On a day in June 1977, in a Knesset buzzing with excitement — every seat taken, senior officials cramming reserved sections, and the galleries packed with ambassadors and other dignitaries — Menachem Begin, a picture of confidence and robustness, mounted the podium to present his newly elected government for parliamentary approval. He dryly outlined the democratic processes that led to the changing of the guard from Labor to Likud for the first time in Israel’s history, and then, with mounting passion, delivered the most ideological speech on the Jewish right to the whole of the Land of Israel the Knesset had ever heard.

“There are those who question our right to our ancient homeland, and even our right to exist within its sacred boundaries.” he said contemptuously. “How dare they? Would it enter the mind of any Briton or Frenchman, Belgian or Dutchman, Hungarian or Bulgarian, Russian or American to request recognition of its right to exist? Their existence per se is their right to exist!”

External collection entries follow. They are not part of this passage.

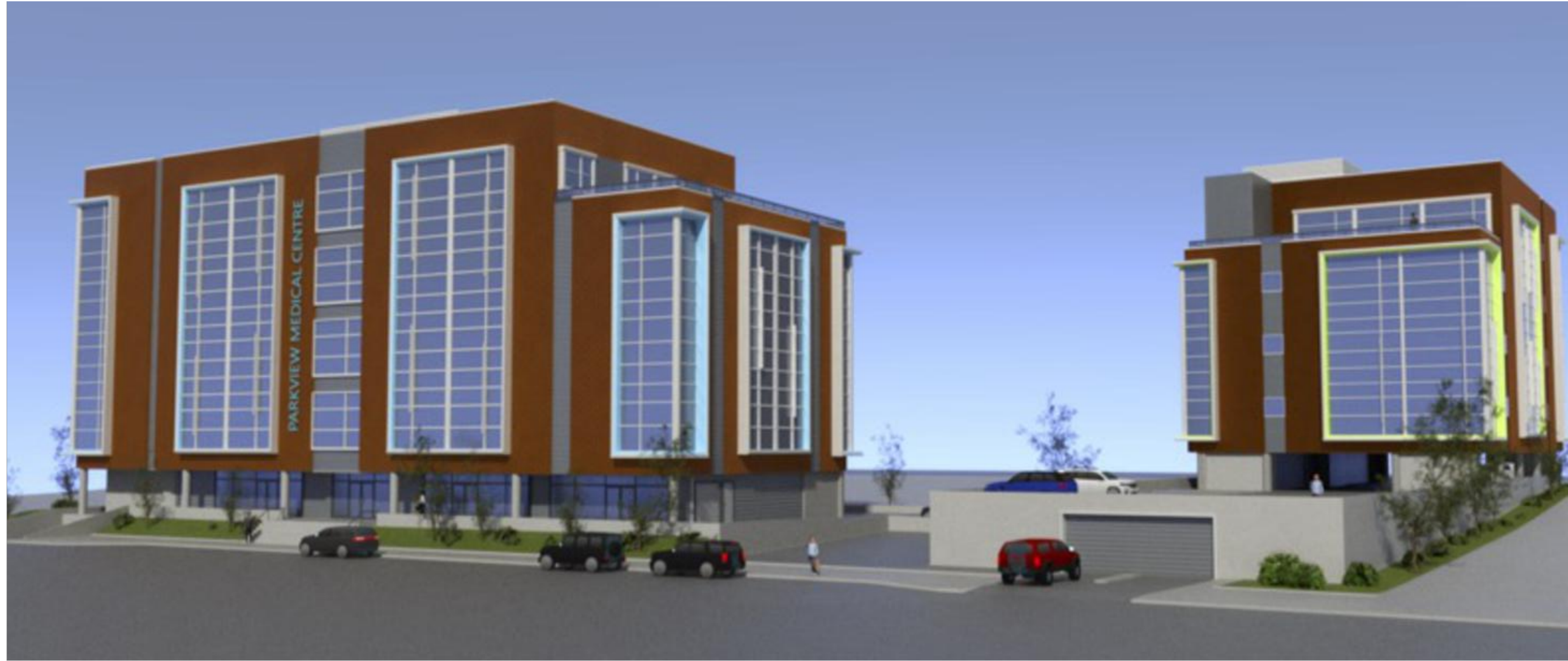
2 VIEW FROM SOUTH-EAST ALONG SEAFIELD CRESCENT
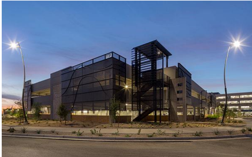
This project was completed on April 2018.
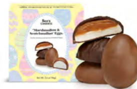
Marshmallow & Scotchmallow® Eggs One box, four yummy eggs. 3.4 oz $11.00 #503321
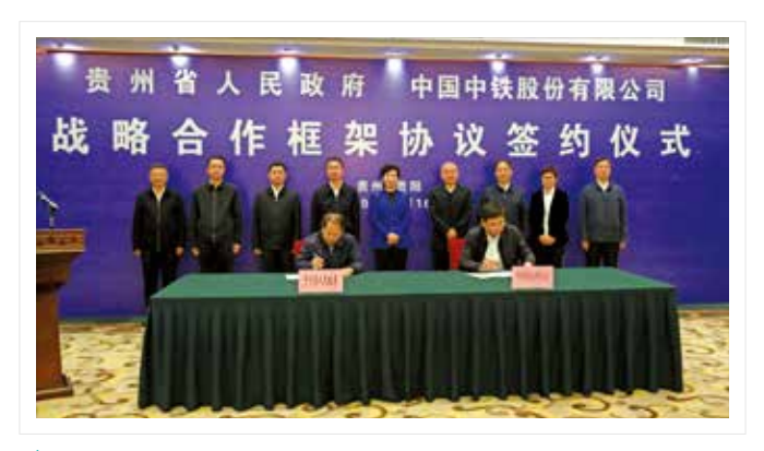
与贵州省签署战略合作协议 A strategic partnership agreement was signed with Guizhou Province
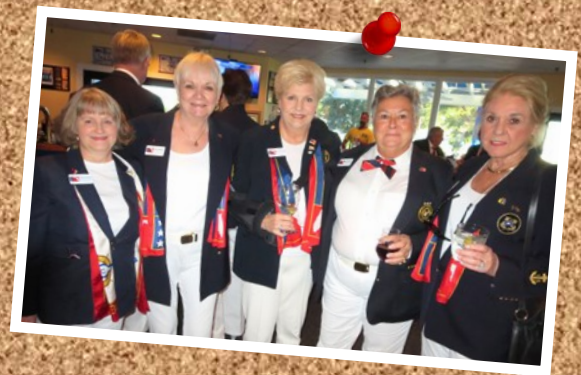
Fall Meeting Pensacola Yacht Club October 21 - 22, 2014
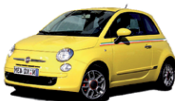
Fiat 500 Hatchback 1.2 Sport £109.99 + VAT per month 3+35 PCH 10k miles a year
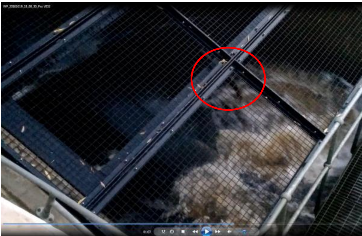
Image 2 VID2: smaller salmon leaps into the turbine and is flung off across the turbine and into the cages.
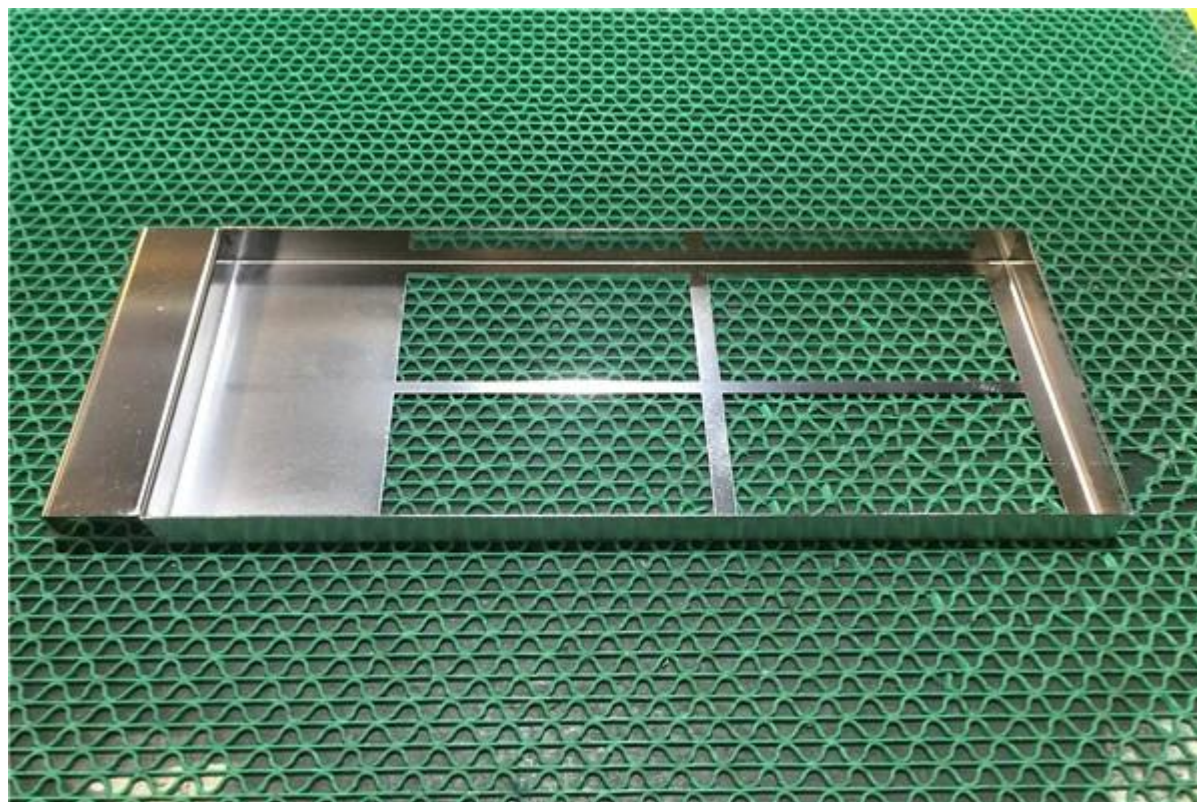
Imagem do produto
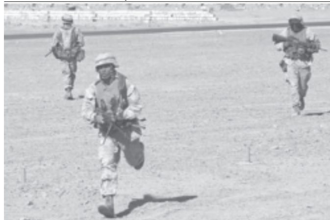
US Marines from the 2nd Battalion of 1st Marine Division run after an RPG (rocket propelled grenade) came close to hitting one of their Humvee vehicles, on the highway connecting Amman and Baghdad, near Fallujah, on 8 June, 2004.

Attacks on Iraq's vital oil pipeline to Turkey have again halted crude flows, leaving Baghdad unable to sell Kirkuk oil for several more weeks, a source at state oil marketer SOMO said on Tuesday.
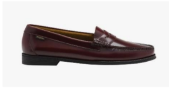
Figure 8. "G.H. Bass Whitney easy Weejuns"

This advertisement was classified into a mixed style. The first and second sentences of the advertisement were included in a soft-sell style since they expressed the writer's experience and feelings towards the products to touch the readers' feelings and attitude and persuade them to buy the product. The last sentence focused on describing the benefits of the products to the readers: the comfortable and stylish look of the product -- a hard sell. Thus, this advertisement was categorized as a mixed style.
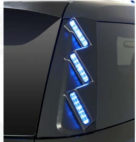
Ford Police Interceptor Utility
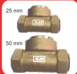
Water / Window Curtain Nozzle
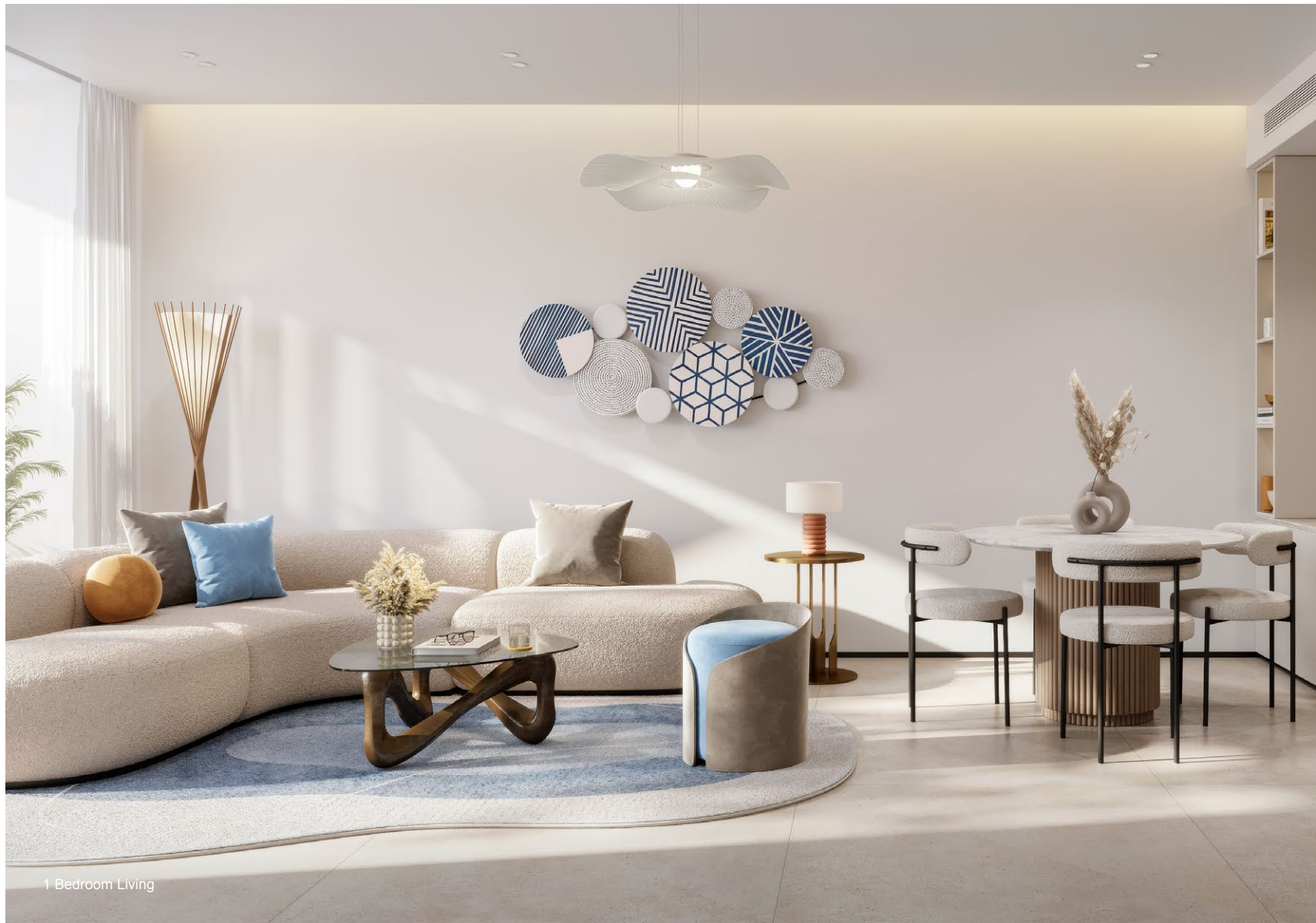
1 Bedroom Living
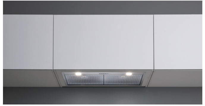
Photograph is for information purposes only May not correspond to the selected version
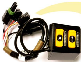
Advanced digital thermal control

He paused to make a Norman arch out of the tips of his fingers as if to collect himself, and then, in thunderous peroration, declared: “Let the world know that we were granted our right to exist by the God of our fathers at the glimmer of the dawn of human civilization 4,000 years ago. The Jewish people have a historic, eternal and inalienable right to the whole of the land of our forefathers. And for that right, which has been sanctified in Jewish blood from generation to generation, we have paid a price unprecedented in the annals of nations.” He pronounced these last words with the fervor of a patriarch, causing some of his disciples to jump to their feet in irrepressible ovation.

There was this something about Menachem Begin, who would have turned 100 on Aug. 16, that aroused mighty and conflicting passions. Admirers adored him irrationally, and detractors loathed him irrationally. He was so iron-cored that he was neutral in nothing.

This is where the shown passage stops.